Measurements and interventions: The study data will be collected using a structured questionnaire and data collection sheets specifically designed for the study The structured questionnaire will include the following data: sociodemographics, clinical history, smoking habit, respiratory symptomatology, smoking dependence test and smoking cessation motivation test.
The data collection sheets will include information related to the spirometric results, peak expiratory flow rate and the carbon monoxide test when performed.
On visit 0, the primary care physician will give a brief structured smoking cessation advice to all patients combined with a detailed and structured discussion of the spirometric results. After this visit the patients will be randomised in two arms (control and intervention groups).

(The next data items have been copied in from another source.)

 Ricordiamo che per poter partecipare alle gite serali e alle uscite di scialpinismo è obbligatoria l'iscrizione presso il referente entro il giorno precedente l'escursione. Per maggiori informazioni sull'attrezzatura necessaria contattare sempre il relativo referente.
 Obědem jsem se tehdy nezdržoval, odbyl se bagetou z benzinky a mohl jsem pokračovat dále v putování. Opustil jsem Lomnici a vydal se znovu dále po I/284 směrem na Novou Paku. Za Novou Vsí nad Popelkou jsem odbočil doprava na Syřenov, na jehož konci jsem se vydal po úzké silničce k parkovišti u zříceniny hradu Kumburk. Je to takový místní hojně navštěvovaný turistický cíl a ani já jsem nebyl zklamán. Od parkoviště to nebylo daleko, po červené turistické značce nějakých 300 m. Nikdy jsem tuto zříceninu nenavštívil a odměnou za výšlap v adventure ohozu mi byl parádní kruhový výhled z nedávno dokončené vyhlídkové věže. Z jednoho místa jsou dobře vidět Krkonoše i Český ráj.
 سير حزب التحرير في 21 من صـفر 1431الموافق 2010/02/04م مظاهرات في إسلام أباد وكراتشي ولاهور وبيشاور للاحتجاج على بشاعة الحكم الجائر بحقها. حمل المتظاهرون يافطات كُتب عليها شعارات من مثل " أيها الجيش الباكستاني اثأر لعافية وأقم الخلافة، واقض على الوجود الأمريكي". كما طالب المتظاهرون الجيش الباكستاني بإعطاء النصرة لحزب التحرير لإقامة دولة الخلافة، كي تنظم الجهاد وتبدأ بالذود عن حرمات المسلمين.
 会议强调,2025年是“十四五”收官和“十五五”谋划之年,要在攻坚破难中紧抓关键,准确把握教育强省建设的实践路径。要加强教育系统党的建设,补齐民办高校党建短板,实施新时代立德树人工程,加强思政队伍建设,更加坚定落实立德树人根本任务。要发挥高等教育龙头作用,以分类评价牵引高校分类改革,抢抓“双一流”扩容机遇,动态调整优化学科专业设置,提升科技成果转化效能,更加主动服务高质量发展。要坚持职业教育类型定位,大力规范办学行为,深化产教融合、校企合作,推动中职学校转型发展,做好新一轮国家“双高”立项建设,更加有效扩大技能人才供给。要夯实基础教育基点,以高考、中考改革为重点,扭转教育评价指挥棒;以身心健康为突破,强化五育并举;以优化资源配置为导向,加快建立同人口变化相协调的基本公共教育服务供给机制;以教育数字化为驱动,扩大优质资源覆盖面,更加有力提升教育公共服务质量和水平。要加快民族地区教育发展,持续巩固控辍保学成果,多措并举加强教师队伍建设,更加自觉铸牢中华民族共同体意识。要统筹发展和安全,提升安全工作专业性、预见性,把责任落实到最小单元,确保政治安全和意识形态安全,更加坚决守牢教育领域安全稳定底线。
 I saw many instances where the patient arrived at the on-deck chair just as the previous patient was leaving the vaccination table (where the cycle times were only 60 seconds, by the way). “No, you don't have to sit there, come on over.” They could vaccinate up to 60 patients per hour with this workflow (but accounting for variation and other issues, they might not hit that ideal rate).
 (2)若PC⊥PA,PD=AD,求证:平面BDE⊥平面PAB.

Randomisation will be performed using a computer programme.
Randomisation will be carried out by the Coordinating Centre.
Both groups will be followed up by telephone at three (visit 1) and six months (visit 2) and at one-year (visit 3) and two-year(visit 4).
During the follow up visits brief structured smoking cessation advice will be reinforced in the control group but the spirometric results will not be discussed. In the intervention group brief structured smoking cessation advice will be reinforced with a detailed structured reminder discussion of the results obtained from the spyrometry of visit 0.
Follow up visits 1 and 2 will be undertaken by telephone and the patients will be asked about their smoking habit and will be given a brief questionnaire.
One month before visits 3 and 4 both groups will undergo the same series of tests performed prior to visit 0 with the exception of the peak expiratory flow rate. Spirometry will be done only in the intervention group.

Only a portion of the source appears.